** Supplied data **
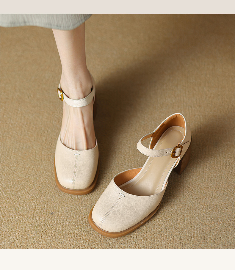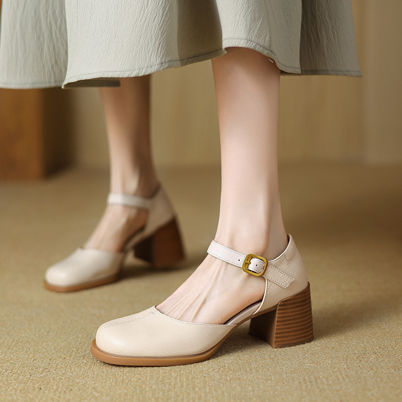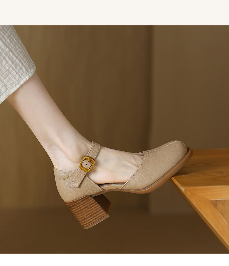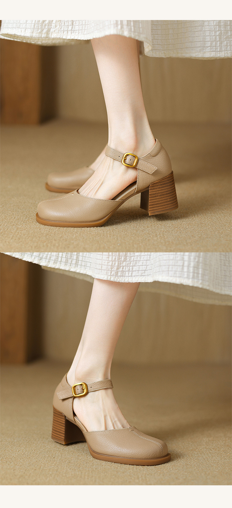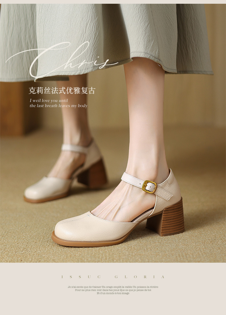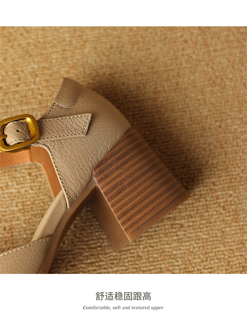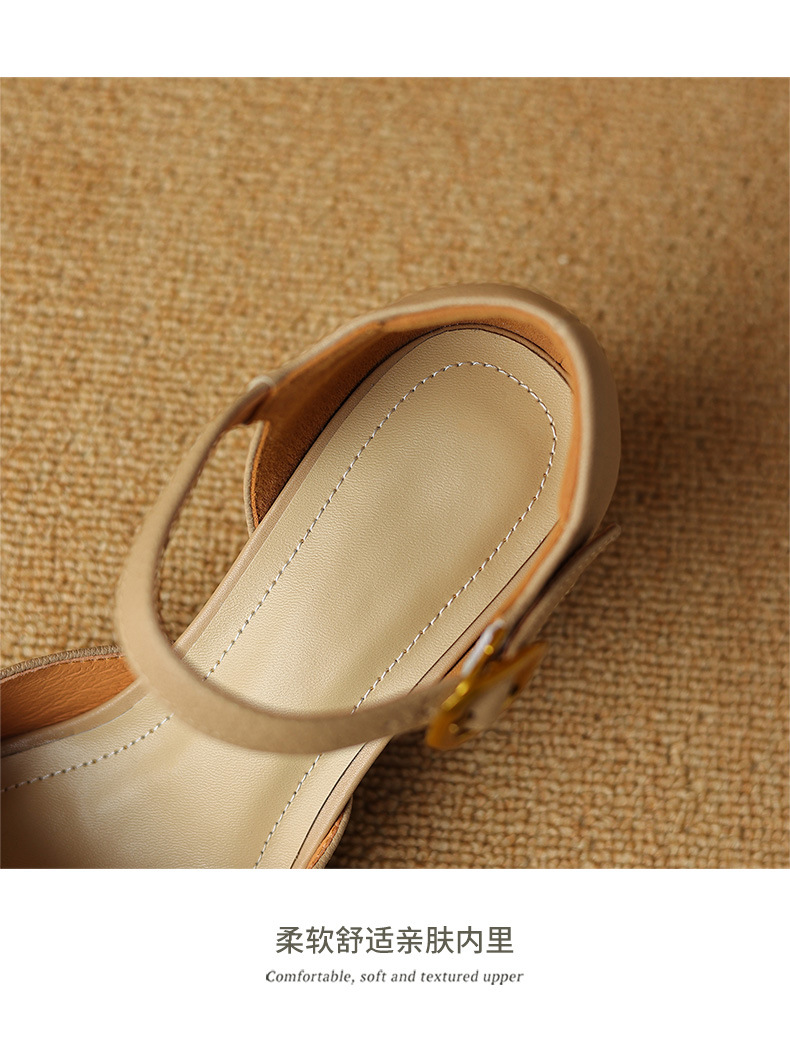 바오터 두꺼운 힐 요정 할로우 샌들 여성용 정품 가죽 2024 새로운 여름 한국 스타일 하이힐 방수 플랫폼 로마 신발스토어 가기
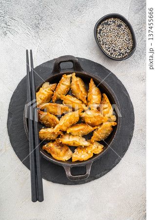 Golden pan fried dumplings jiaozi with sesame seeds, top view on light backdrop. Asian snack for restaurant design.
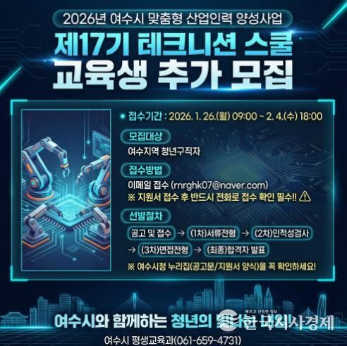 한국시사경제 전남취재본부 | 여수시가 지역 산업 수요에 맞는 전문 인력을 양성하기 위해 추진하는 ‘2026년 여수시 맞춤형 산업인력 양성사업’의 일환인 '테크니션 스쿨 제17기' 교육생을 추가 모집한다고 밝혔다.

** Problem to solve **
The task requires the full listing to be given again verbatim, without its pictures.

** Exercise result **
 바오터 두꺼운 힐 요정 할로우 샌들 여성용 정품 가죽 2024 새로운 여름 한국 스타일 하이힐 방수 플랫폼 로마 신발스토어 가기
 Golden pan fried dumplings jiaozi with sesame seeds, top view on light backdrop. Asian snack for restaurant design.
 한국시사경제 전남취재본부 | 여수시가 지역 산업 수요에 맞는 전문 인력을 양성하기 위해 추진하는 ‘2026년 여수시 맞춤형 산업인력 양성사업’의 일환인 '테크니션 스쿨 제17기' 교육생을 추가 모집한다고 밝혔다.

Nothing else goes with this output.